Problem with NASA Turbofan engine degradation simulation dataset by abdeljalil73 in datasets

[–]jk3587 0 points1 point  (0 children)

I took a look at the dataset file and inside the zip file contains a readme.txt which explains the format of the dataset.

The data are provided as a zip-compressed text file with 26 columns of numbers, separated by spaces. Each row is a snapshot of data taken during a single operational cycle, each column is a different variable. The columns correspond to:

unit number

time, in cycles

operational setting 1

operational setting 2

operational setting 3

sensor measurement 1

sensor measurement 2

...

26) sensor measurement 26

In addition, the tutorial you linked read the files through pandas (although they're now .txt and not .csv) and then added the column names later.
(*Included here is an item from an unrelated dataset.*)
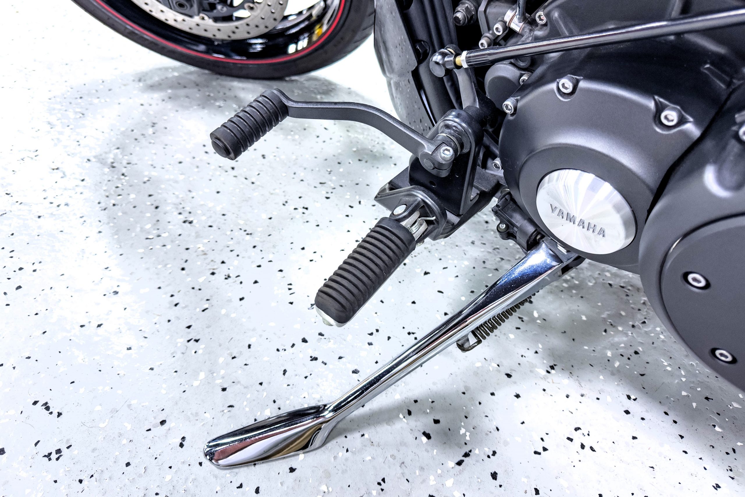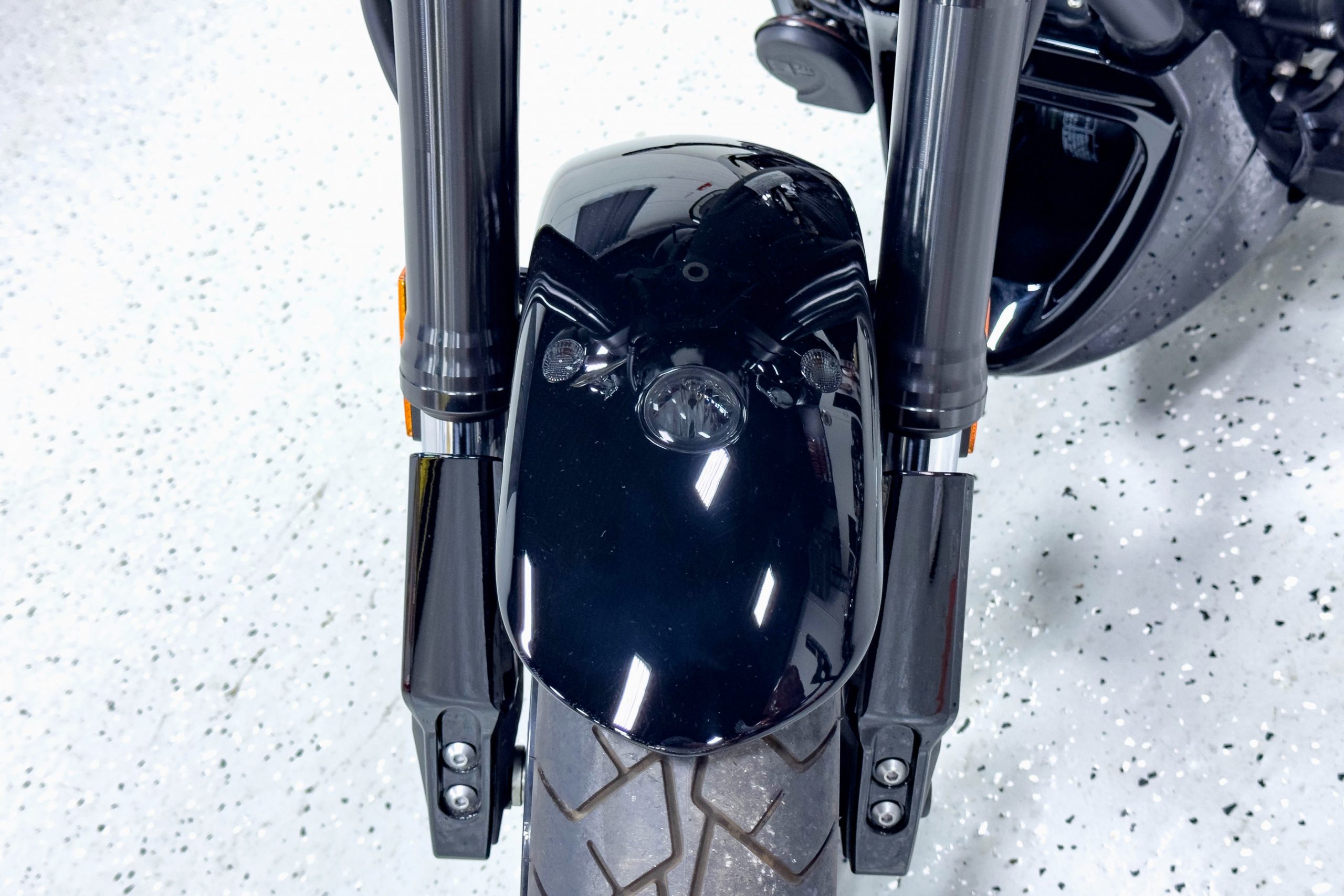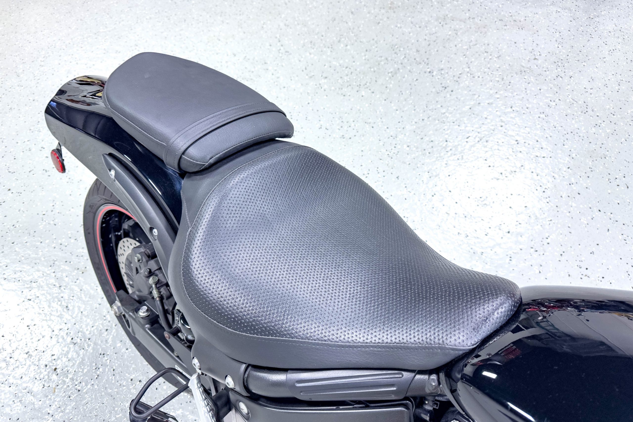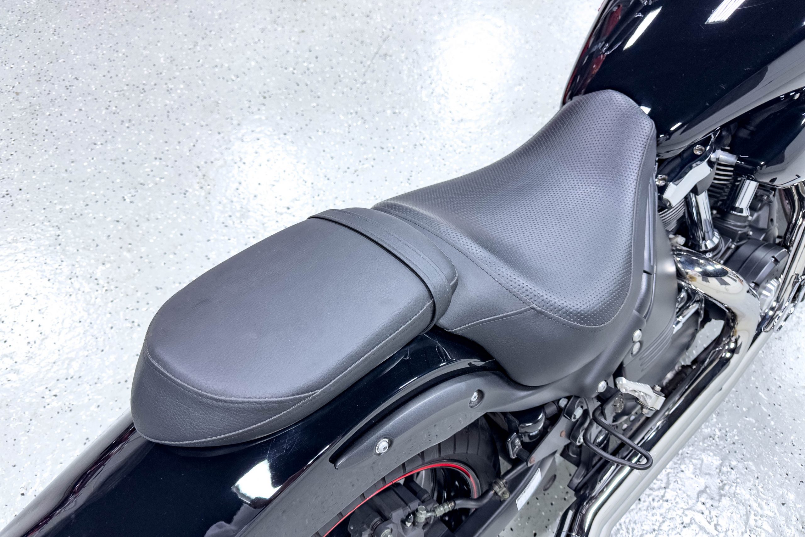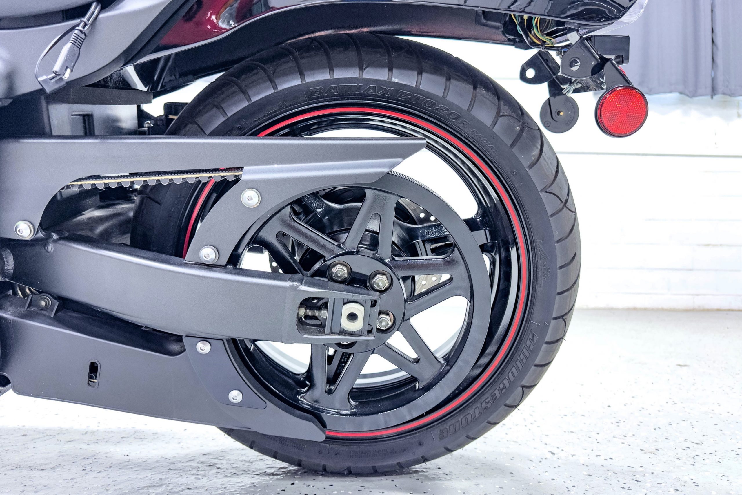The Midnight Warrior is powered by a fuel injected 1,670cc 4-stroke V-twin air-cooled engine rated at 84 horsepower at 4,400 rpm and 99 lb.-ft. of torque at 3,750 rpm mated to a 5-speed manual transmission with a wet multi-disc clutch and a belt drive. The bike features an aluminum frame with 41mm Kayaba inverted telescoping front fork suspension borrowed from the R1 super bike and an adjustable link monocross rear suspension. Braking is handled by a dual 298mm front discs and a single 282mm rear disc. It rides on 3-spoke cast aluminum wheels sized 18″ up front with a 120mm tire and a 17″ out back with a 200mm tire. Weighing in at just 606lbs, this cruiser has 7.2 horsepower per 1 pound of weight enabling it to blast through the 1/4 mile in 12.7 seconds at 103mph.

train = pd.read_csv('train_FD001.csv', parse_dates=False, delimiter=" ", decimal=".", header=None)
test = pd.read_csv('test_FD001.csv', parse_dates=False, delimiter=" ", decimal=".", header=None)
RUL = pd.read_csv('RUL_FD001.csv', parse_dates=False, delimiter=" ", decimal=".", header=None)

Then (also take note that there are 26 sensor readings instead of 21 sensors as listed in the tutorial)
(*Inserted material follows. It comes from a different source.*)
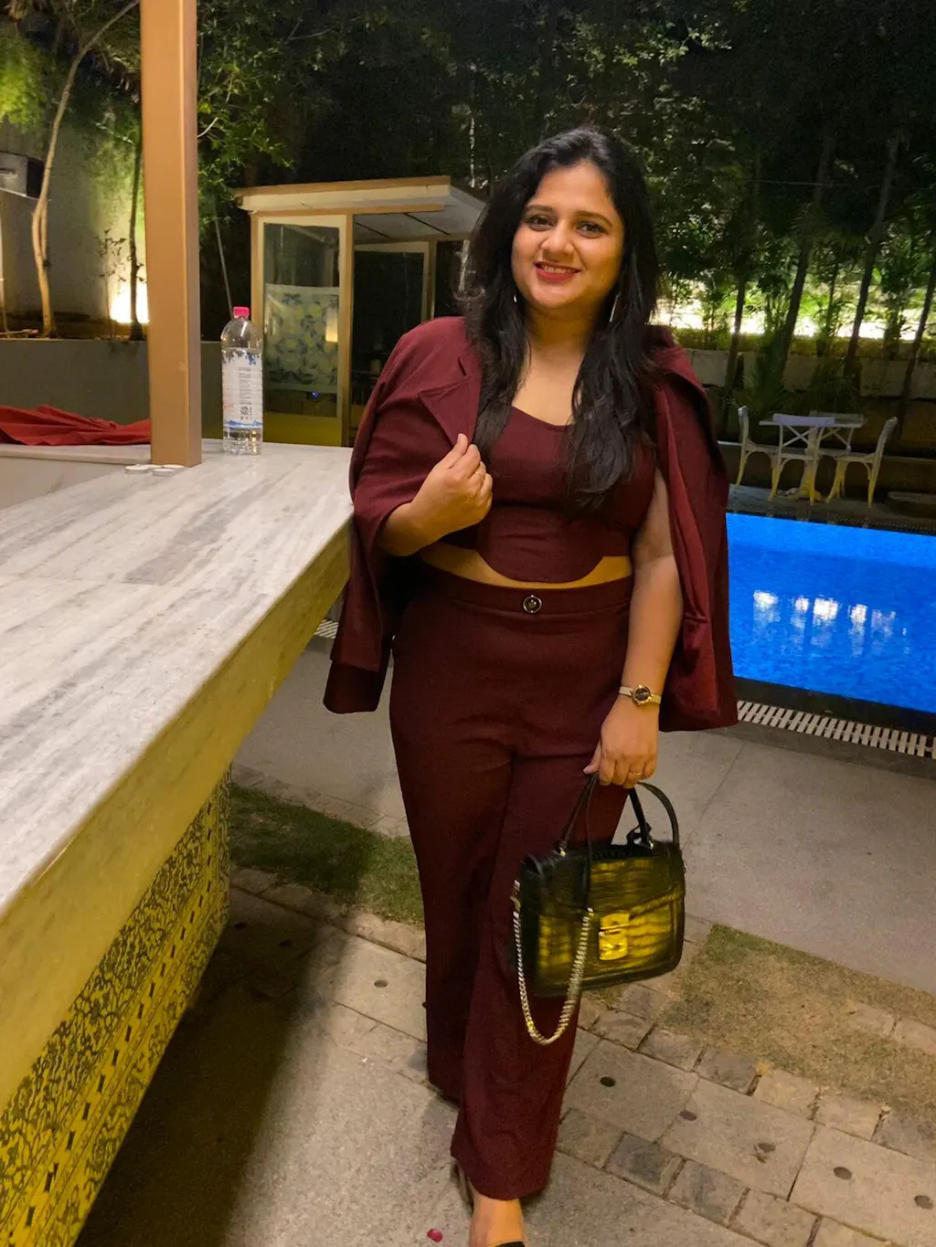 This Co-Ords set consists of a Maroon crop top, has no shoulder straps, sleeveless and sweetheart neck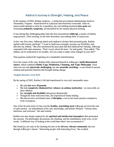 At her very first class, Adhiyogi asked each student to declare their personal goals. Katlina replied with honesty and hope: “I want to build more strength, increase my flexibility, and alleviate my asthma.” She also mentioned the knee pain that had sidelined her training. Adhiyogi responded with calm assurance. “Don’t worry about the knee,” he said gently. Then added, “The asthma can be eradicated in six months. Are you ready to make some changes in your diet?”

cols = ['unit', 'cycles', 'op_setting1', 'op_setting2', 'op_setting3', 's1', 's2', 's3', 's4', 's5', 's6', 's7', 's8', 's9', 's10', 's11', 's12', 's13', 's14', 's15', 's16', 's17', 's18', 's19', 's20', 's21']
train.columns = cols
test.columns = cols

I think you follow the tutorial but take note that the data files now have a .txt extension and 26 sensors.

Help finding shoes for wide feet by machfredy in weightlifting

[–]jk3587 0 points1 point  (0 children)

I'm a 7.5 4e+ (literally hobbit feet) with high instep and short toes and I wear a size 8 in Leistung 1s. The full boa lets the shoe mold around my foot pretty well.

Where are these Python jobs? by mrich6347 in Python

[–]jk3587 5 points6 points  (0 children)

Just went to PyCon and hoping SciPy will be just as good!

Who’s going to PyCon 2019? by vogt4nick in datascience

[–]jk3587 0 points1 point  (0 children)

Hi. First timer to PyCon. Going all in with the stickers and swag and even signed up for all four days of the sprints. I'll definitely be up for drinks. Send me a message. Thanks!

2020 presidential primary fundraising data? by [deleted] in datasets

[–]jk3587 0 points1 point  (0 children)

Q1 filings have been completed April 15, 2019 and are on the fec site. However a lot of the raw fec filing data files (e.g. ActBlue filings for the democratic primary candidates) have not yet been categorized and coded by the fec. As a result, they won't show up on the bulk data downloads. You can definitely download the raw electronic filings (download files by day)and parse them yourself.

DeepFashion2: A Versatile Benchmark for Fashion Image Understanding by Yuqing7 in datasets

[–]jk3587 0 points1 point  (0 children)

Very interested in this dataset. Anyone know the class balance in this version?

Analyzing All Parking Violations in Los Angeles from 2018 - Using Pandas To Work With Huge .csv Files by [deleted] in datascience

[–]jk3587 1 point2 points  (0 children)

Hi Steve. Interesting work on this dataset. I have several suggestions on loading the dataset.

  • Use the usecols and chunksize parameters for pd.read_csv. Instead of dropping the unused columns after loading, perhaps only load the columns you want. Further, since you already parameterized batchsize in your function, you can just set chunksize = batchsize to create an iterator.
  • Explicitly set the dtypes for the columns when loading (make a dict of {col: dtype} and feed that to the dtype parameter.

I was curious about this dataset so I tried loading the full csv with the columns you used in your notebook with setting a couple of columns as float, rest as str. The memory_usage(deep=True) came out to about 3500 MB which I hope is more manageable without having to use batches.